Output file set 2: pairwise significantly differential compartmental regions (sigDC)

  • For each pair of input matrices or conditions, a bed file A_vs_B_significantly_differential_compartmental_regions.txt is generated, listing only regions that are sigDC in the pairwise comparison of A and B.
  • Column 1: chromosome
  • Column 2: bin start coordinate
  • Column 3: bin end coordinate
  • Column 4: cosine distance between conditions A and B's latent feature from factor
  • Column 5: p-value of the distance
  • Column 6: adjusted p-value after FDR correction
  • See example in output/tgif-db/ES_vs_CN_significantly_differential_compartmental_regions.txt.
#chro	start	end	|diff|	pval	padj
19	11200000	11300000	0.179182	0.00327075	0.00660377	
19	11800000	11900000	0.230168	0.000107882	0.00463122	
19	14000000	14100000	0.246547	2.97501e-05	0.00394511

In the example shown above, the genomic region chr19:11200000-11300000 is a sigDC between ES and CN condition.

Optional output files

factors

Each node in the tree will have a V factor (of size n x 2), and each leaf node in the tree will have a U factor (of size n x 2).

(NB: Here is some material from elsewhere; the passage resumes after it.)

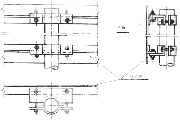 7.3.3柱式設置的消防安全標志牌應用螺栓、管箍等牢固地固定在標志桿上。 固定方法可參照圖12進行。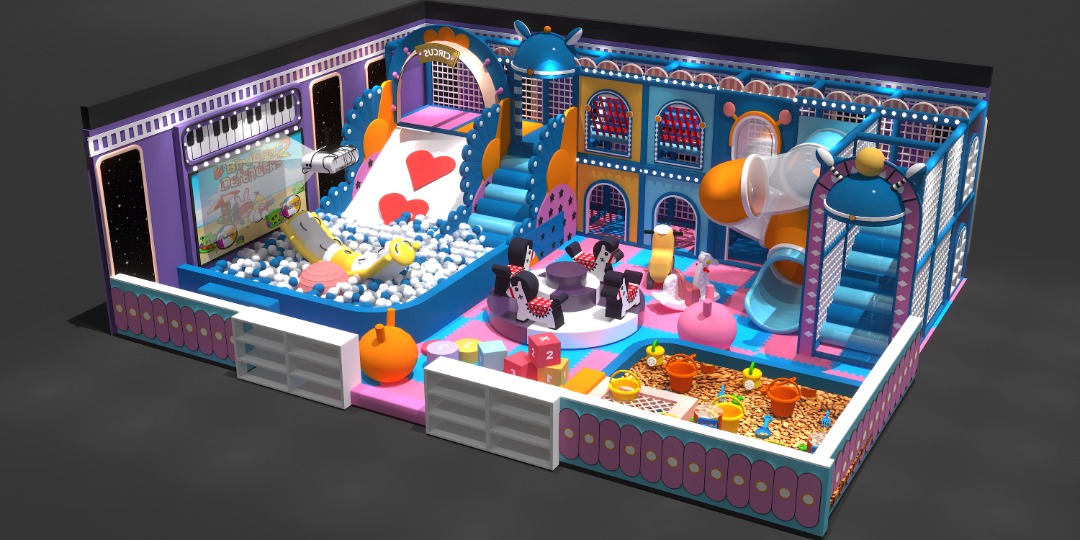 Ví dụ, một sân chơi trong nhà được xây dựng cho trẻ mới biết đi và trẻ mẫu giáo có thể được đặt trong một không gian rộng 200 mét vuông khá dễ dàng, bao gồm các khu vực cho cha mẹ thư giãn, quầy bar bán đồ ăn nhanh và các tiện nghi khác.

Using the -u flag, each of these factors will be printed to file. For instance, the U factor for the ES node will be saved to output file ES_U.txt; the V factor for the root node will be saved to output file root_V.txt.

parameter settings

Using the -l flag, the user can save the list of parameter values used in this run of TGIF to parameters.log file.